___ MATERIAL PROVIDED ___

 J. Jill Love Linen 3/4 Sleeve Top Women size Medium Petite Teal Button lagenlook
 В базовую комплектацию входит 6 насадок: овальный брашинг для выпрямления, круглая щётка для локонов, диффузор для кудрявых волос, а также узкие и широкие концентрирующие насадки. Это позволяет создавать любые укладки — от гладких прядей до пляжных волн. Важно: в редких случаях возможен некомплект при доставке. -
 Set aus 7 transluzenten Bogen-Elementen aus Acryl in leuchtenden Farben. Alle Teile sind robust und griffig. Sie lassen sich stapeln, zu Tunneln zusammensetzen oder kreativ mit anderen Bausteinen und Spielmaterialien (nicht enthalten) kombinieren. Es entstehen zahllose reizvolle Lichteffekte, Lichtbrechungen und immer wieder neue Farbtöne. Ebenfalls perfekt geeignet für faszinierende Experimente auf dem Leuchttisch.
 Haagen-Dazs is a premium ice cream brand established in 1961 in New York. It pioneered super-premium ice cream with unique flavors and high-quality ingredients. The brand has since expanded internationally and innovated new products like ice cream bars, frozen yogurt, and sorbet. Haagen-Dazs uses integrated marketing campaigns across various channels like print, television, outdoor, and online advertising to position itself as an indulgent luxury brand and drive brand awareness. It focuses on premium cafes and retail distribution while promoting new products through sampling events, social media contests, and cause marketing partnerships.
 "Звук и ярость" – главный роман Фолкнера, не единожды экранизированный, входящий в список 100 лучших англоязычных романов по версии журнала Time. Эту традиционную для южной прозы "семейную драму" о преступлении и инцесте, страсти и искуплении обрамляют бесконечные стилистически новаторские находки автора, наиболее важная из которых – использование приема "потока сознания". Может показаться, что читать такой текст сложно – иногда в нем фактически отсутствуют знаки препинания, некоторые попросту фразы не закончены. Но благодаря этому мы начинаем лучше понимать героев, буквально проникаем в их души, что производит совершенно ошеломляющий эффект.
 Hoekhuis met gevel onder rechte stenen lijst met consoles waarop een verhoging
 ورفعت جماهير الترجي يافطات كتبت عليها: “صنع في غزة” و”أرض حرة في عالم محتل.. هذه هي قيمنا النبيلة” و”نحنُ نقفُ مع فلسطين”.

___

With no additions or omissions, transcribe every record.

__RESPONSE FOR THIS EXERCISE__
 J. Jill Love Linen 3/4 Sleeve Top Women size Medium Petite Teal Button lagenlook
 В базовую комплектацию входит 6 насадок: овальный брашинг для выпрямления, круглая щётка для локонов, диффузор для кудрявых волос, а также узкие и широкие концентрирующие насадки. Это позволяет создавать любые укладки — от гладких прядей до пляжных волн. Важно: в редких случаях возможен некомплект при доставке. -
 Set aus 7 transluzenten Bogen-Elementen aus Acryl in leuchtenden Farben. Alle Teile sind robust und griffig. Sie lassen sich stapeln, zu Tunneln zusammensetzen oder kreativ mit anderen Bausteinen und Spielmaterialien (nicht enthalten) kombinieren. Es entstehen zahllose reizvolle Lichteffekte, Lichtbrechungen und immer wieder neue Farbtöne. Ebenfalls perfekt geeignet für faszinierende Experimente auf dem Leuchttisch.
 Haagen-Dazs is a premium ice cream brand established in 1961 in New York. It pioneered super-premium ice cream with unique flavors and high-quality ingredients. The brand has since expanded internationally and innovated new products like ice cream bars, frozen yogurt, and sorbet. Haagen-Dazs uses integrated marketing campaigns across various channels like print, television, outdoor, and online advertising to position itself as an indulgent luxury brand and drive brand awareness. It focuses on premium cafes and retail distribution while promoting new products through sampling events, social media contests, and cause marketing partnerships.
 "Звук и ярость" – главный роман Фолкнера, не единожды экранизированный, входящий в список 100 лучших англоязычных романов по версии журнала Time. Эту традиционную для южной прозы "семейную драму" о преступлении и инцесте, страсти и искуплении обрамляют бесконечные стилистически новаторские находки автора, наиболее важная из которых – использование приема "потока сознания". Может показаться, что читать такой текст сложно – иногда в нем фактически отсутствуют знаки препинания, некоторые попросту фразы не закончены. Но благодаря этому мы начинаем лучше понимать героев, буквально проникаем в их души, что производит совершенно ошеломляющий эффект.
 Hoekhuis met gevel onder rechte stenen lijst met consoles waarop een verhoging
 ورفعت جماهير الترجي يافطات كتبت عليها: “صنع في غزة” و”أرض حرة في عالم محتل.. هذه هي قيمنا النبيلة” و”نحنُ نقفُ مع فلسطين”.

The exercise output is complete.